● **WHAT YOU ARE ASKED TO DO**
Would you output the lines from the one with "食品安全信息公示栏营业执照框架挂墙三合一卫生健康许可证展示板" through the last line of the material below, exactly, but without pictures?

++++ DATASET SECTION ++++

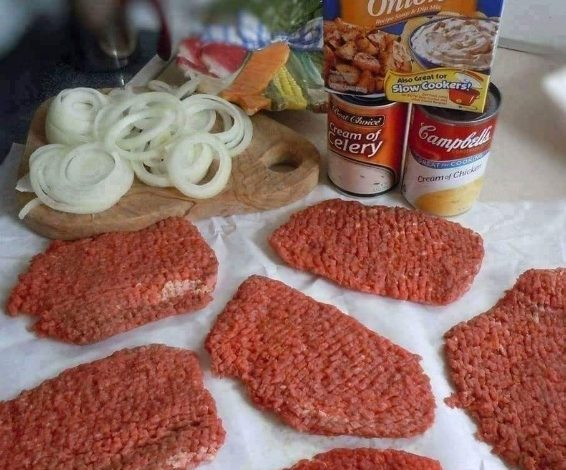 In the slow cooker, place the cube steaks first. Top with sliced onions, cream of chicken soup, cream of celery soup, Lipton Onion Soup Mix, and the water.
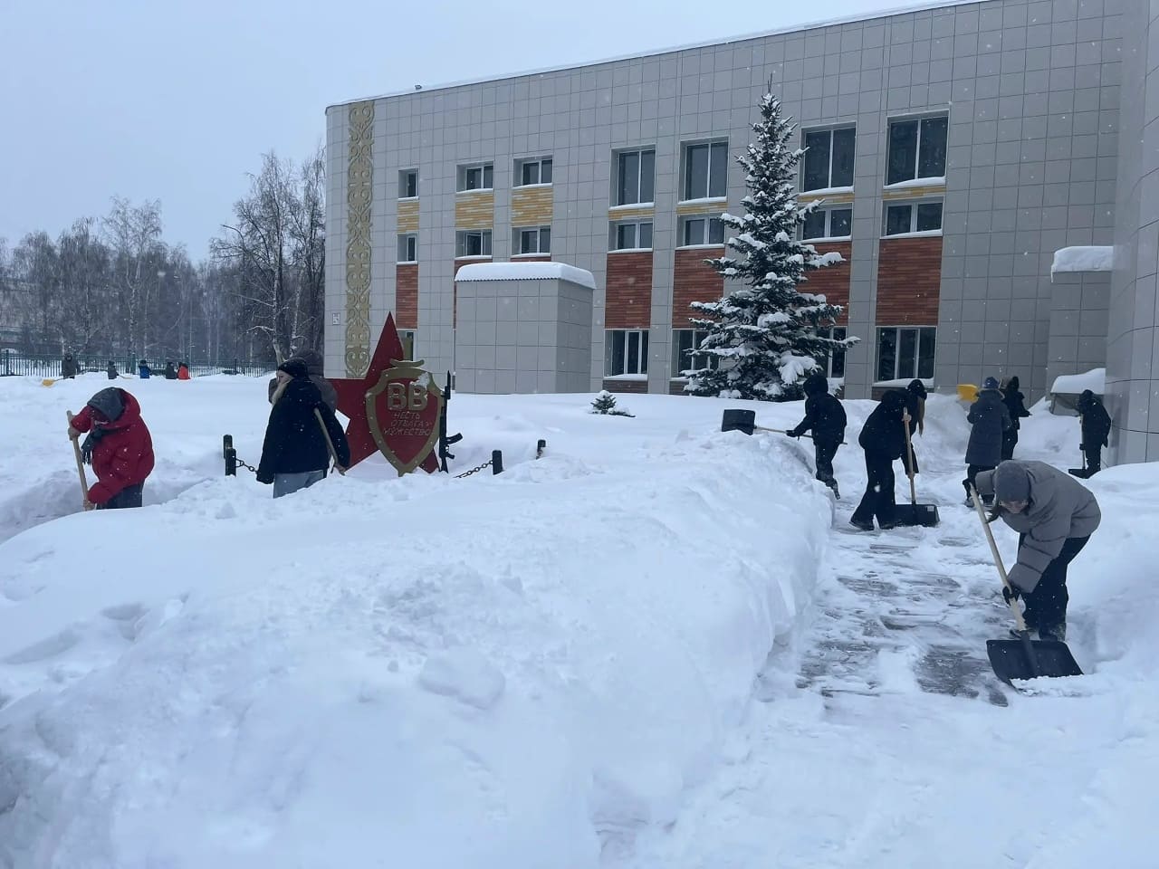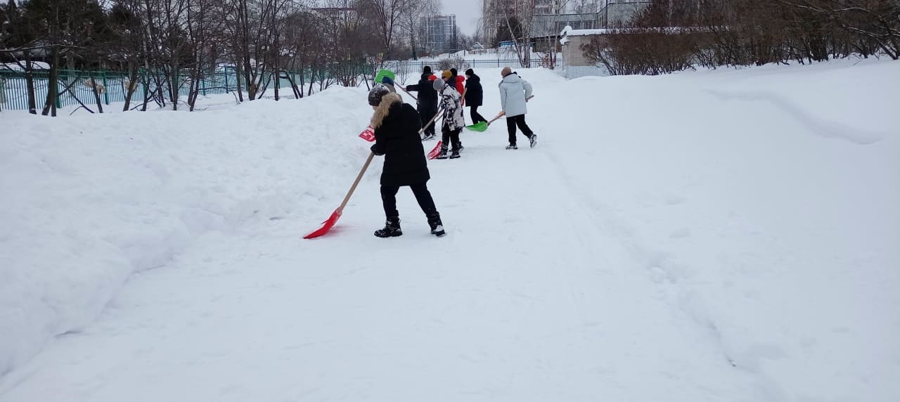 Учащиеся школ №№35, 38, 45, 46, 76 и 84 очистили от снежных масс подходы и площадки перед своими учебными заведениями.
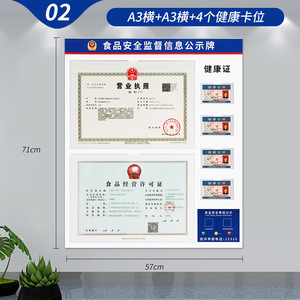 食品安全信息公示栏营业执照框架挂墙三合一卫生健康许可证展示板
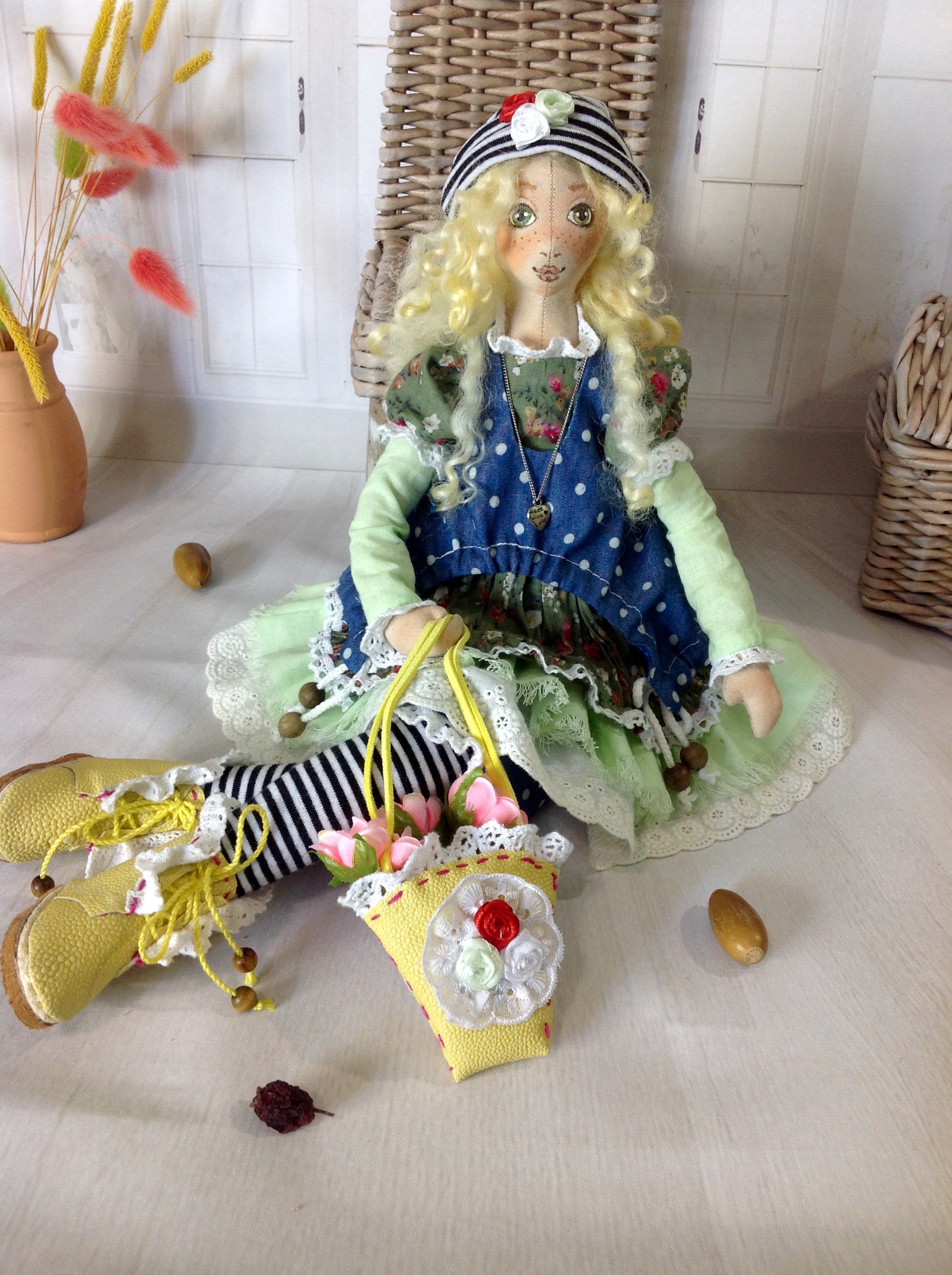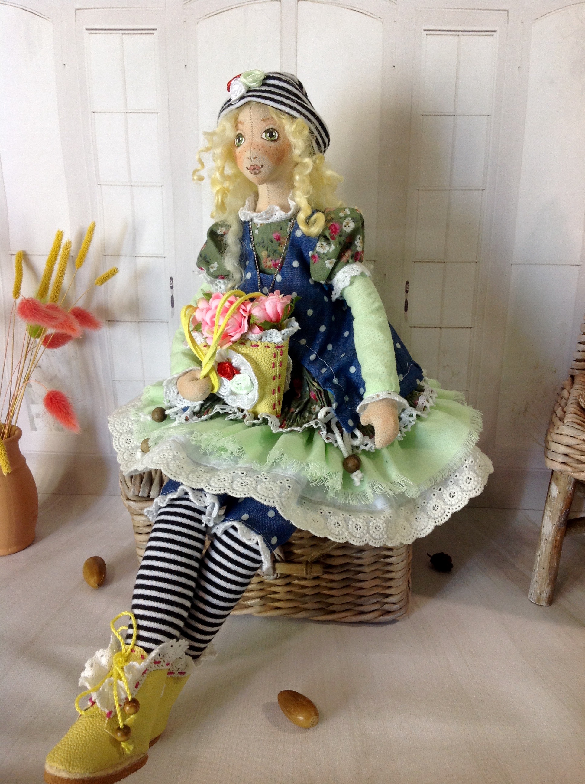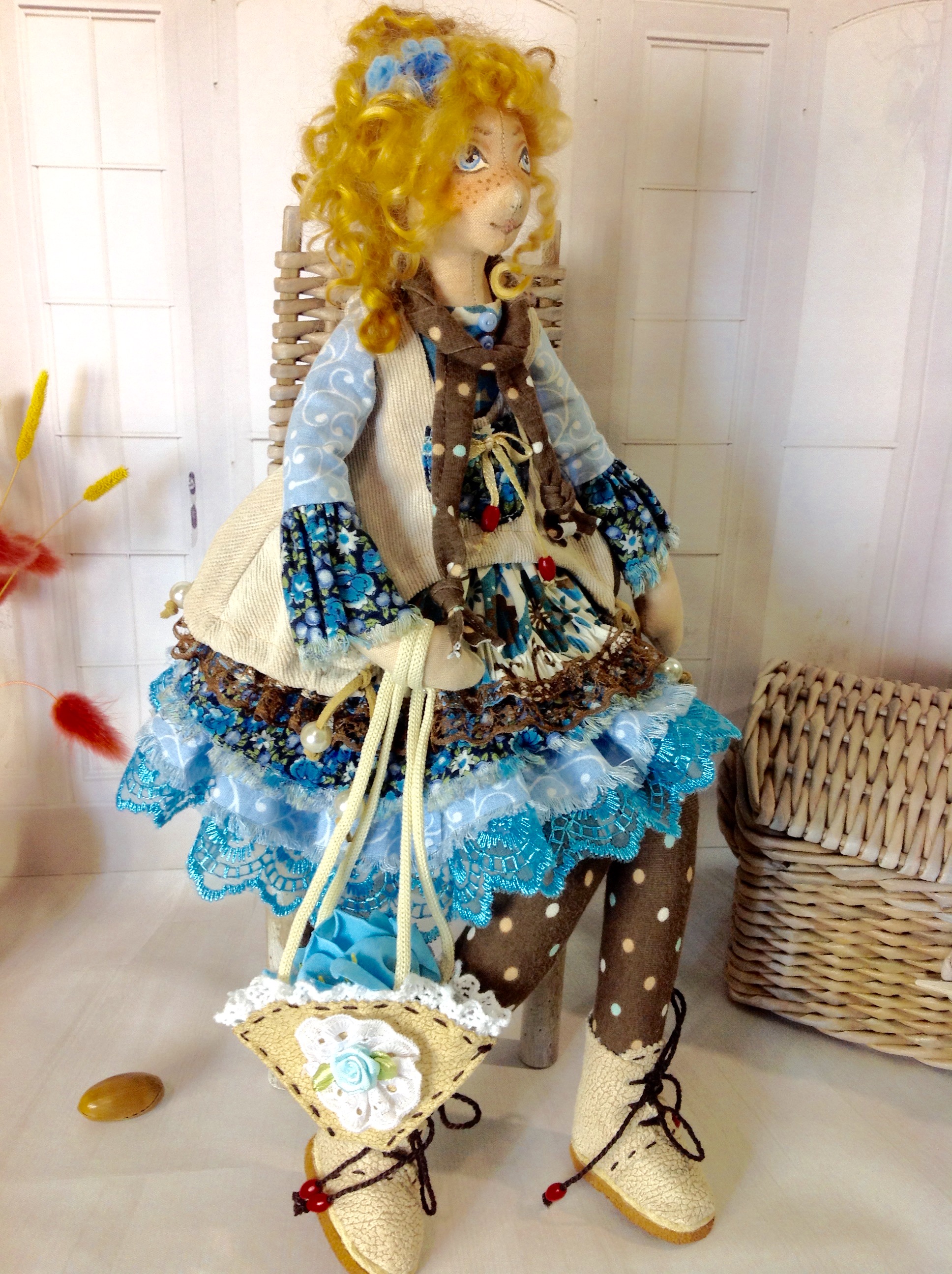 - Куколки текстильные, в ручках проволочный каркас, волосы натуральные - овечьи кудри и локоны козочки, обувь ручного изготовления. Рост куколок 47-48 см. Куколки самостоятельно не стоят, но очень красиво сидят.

++++

● **ANSWER TO THIS PROBLEM**
 食品安全信息公示栏营业执照框架挂墙三合一卫生健康许可证展示板
 - Куколки текстильные, в ручках проволочный каркас, волосы натуральные - овечьи кудри и локоны козочки, обувь ручного изготовления. Рост куколок 47-48 см. Куколки самостоятельно не стоят, но очень красиво сидят.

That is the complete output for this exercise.